INPUT DATA -
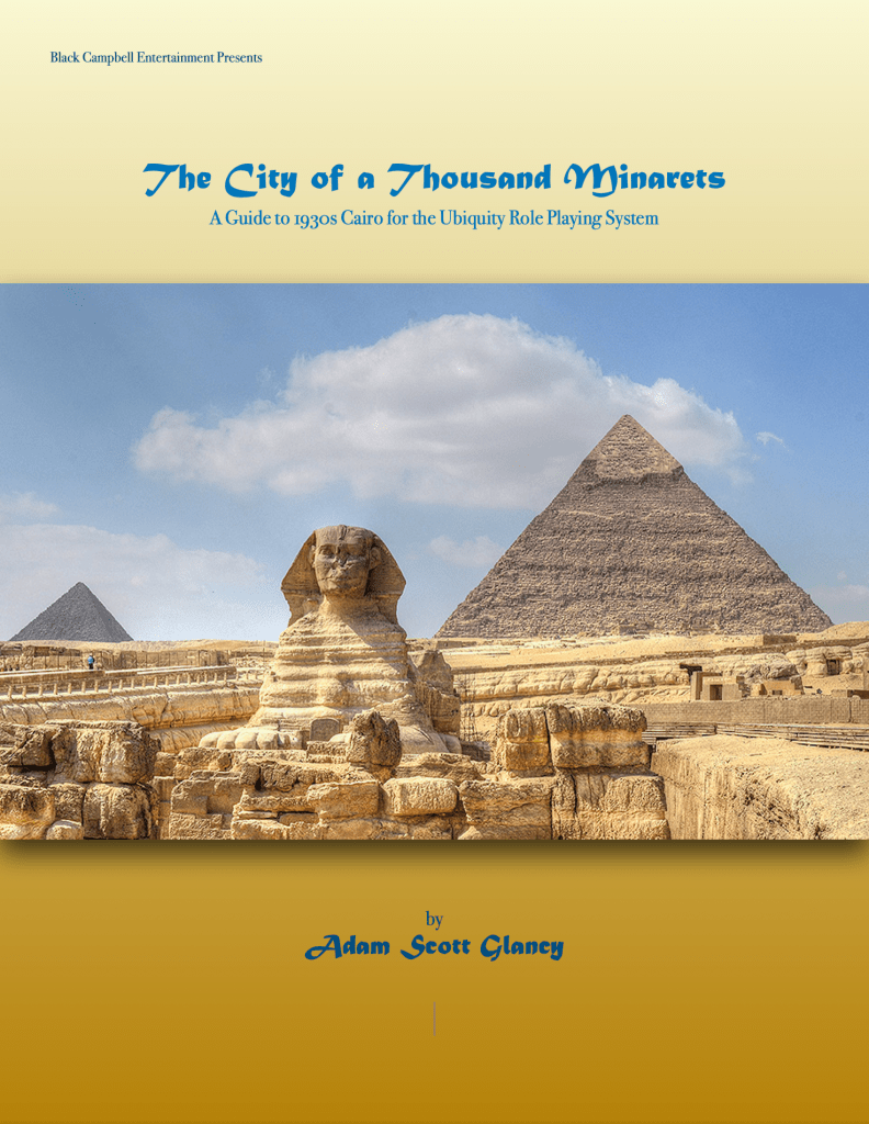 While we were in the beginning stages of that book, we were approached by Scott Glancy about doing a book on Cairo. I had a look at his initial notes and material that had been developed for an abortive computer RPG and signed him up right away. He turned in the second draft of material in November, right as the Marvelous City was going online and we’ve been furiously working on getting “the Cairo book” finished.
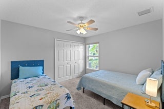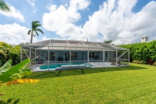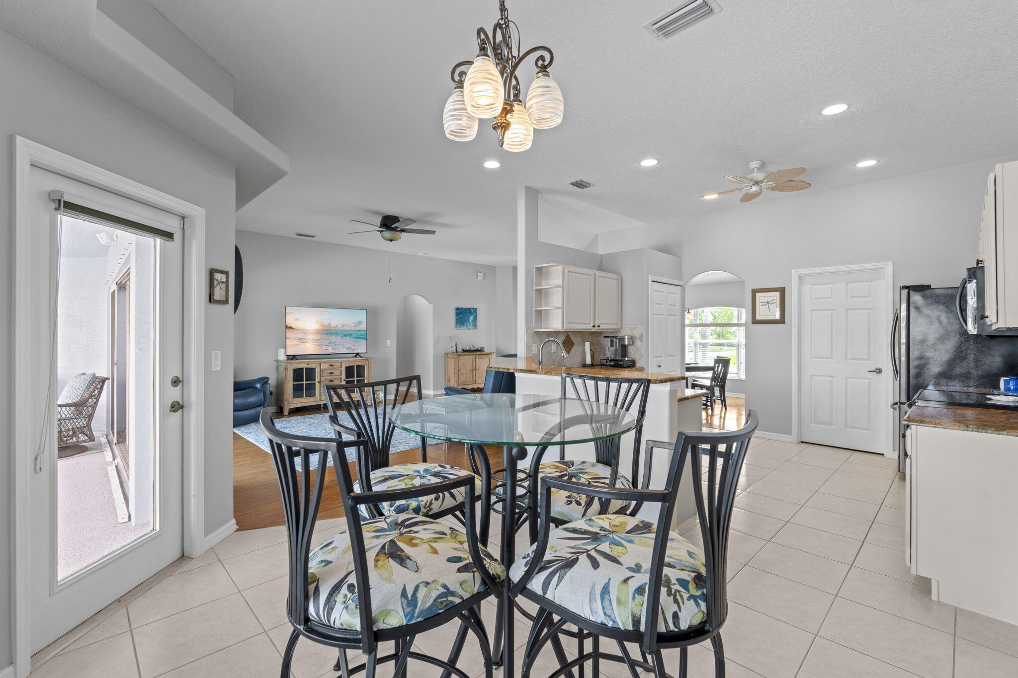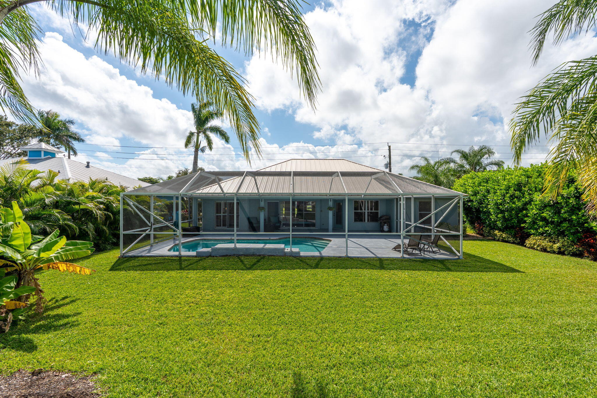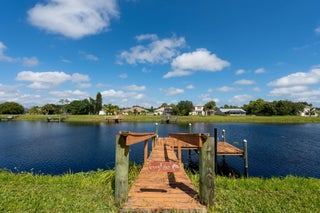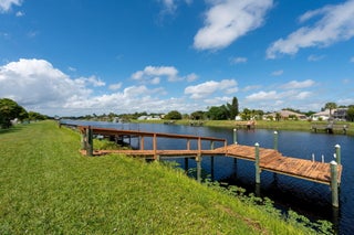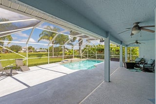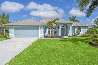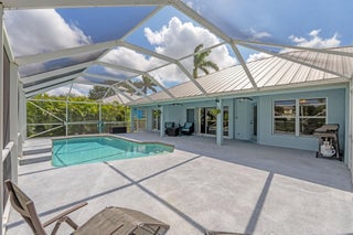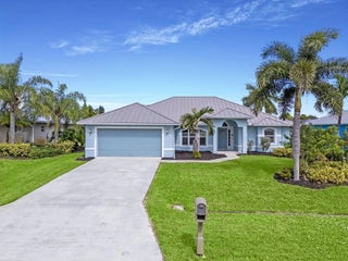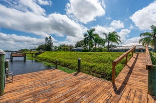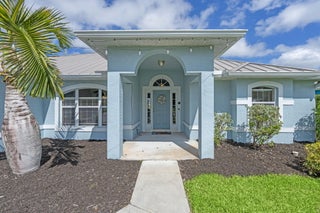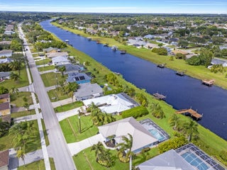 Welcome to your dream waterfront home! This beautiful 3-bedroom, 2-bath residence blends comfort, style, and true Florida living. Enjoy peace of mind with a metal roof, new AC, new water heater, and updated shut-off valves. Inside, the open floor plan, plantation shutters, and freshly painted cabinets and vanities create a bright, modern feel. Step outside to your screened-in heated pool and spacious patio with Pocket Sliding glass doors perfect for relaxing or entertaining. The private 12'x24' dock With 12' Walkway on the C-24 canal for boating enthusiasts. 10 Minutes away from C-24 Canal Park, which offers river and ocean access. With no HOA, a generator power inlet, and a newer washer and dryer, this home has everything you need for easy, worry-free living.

* * *

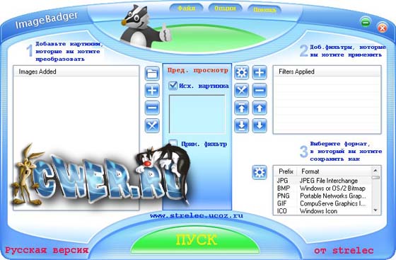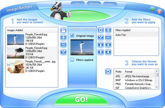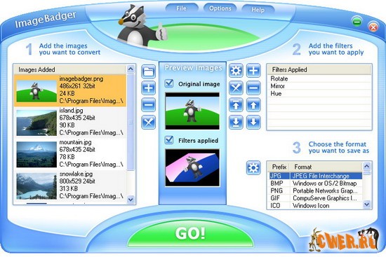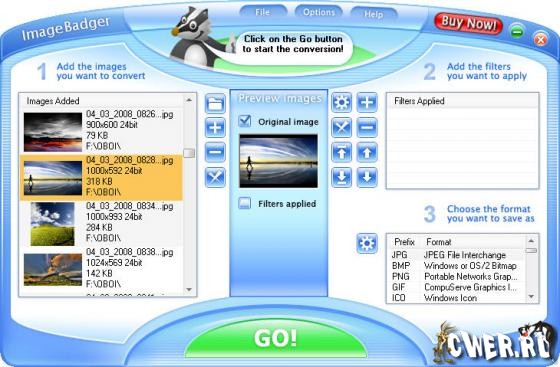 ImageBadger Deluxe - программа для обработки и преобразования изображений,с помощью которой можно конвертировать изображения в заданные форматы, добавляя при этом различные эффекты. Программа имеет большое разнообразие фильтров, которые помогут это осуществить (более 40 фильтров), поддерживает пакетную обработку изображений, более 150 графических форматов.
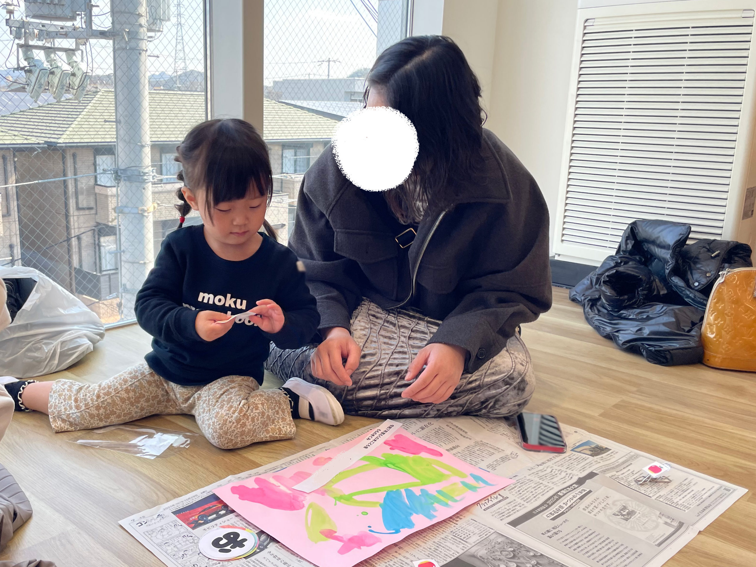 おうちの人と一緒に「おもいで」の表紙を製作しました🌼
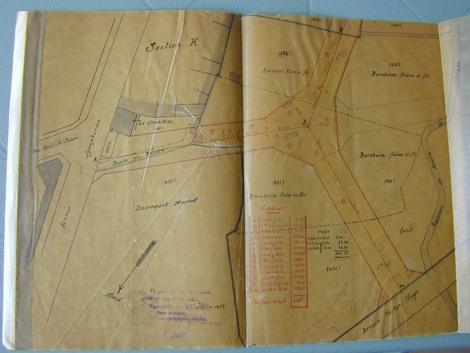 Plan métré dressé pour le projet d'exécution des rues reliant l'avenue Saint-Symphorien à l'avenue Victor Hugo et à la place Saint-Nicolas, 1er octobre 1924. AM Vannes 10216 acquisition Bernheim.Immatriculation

ASSIGNMENT - Once the line with "ImageBadger Deluxe - программа" is found above, transcribe each line from it through the line with "Plan métré dressé", exactly, and omit the pictures.

RESPONSE AREA -
 ImageBadger Deluxe - программа для обработки и преобразования изображений,с помощью которой можно конвертировать изображения в заданные форматы, добавляя при этом различные эффекты. Программа имеет большое разнообразие фильтров, которые помогут это осуществить (более 40 фильтров), поддерживает пакетную обработку изображений, более 150 графических форматов.
 おうちの人と一緒に「おもいで」の表紙を製作しました🌼
 Plan métré dressé pour le projet d'exécution des rues reliant l'avenue Saint-Symphorien à l'avenue Victor Hugo et à la place Saint-Nicolas, 1er octobre 1924. AM Vannes 10216 acquisition Bernheim.Immatriculation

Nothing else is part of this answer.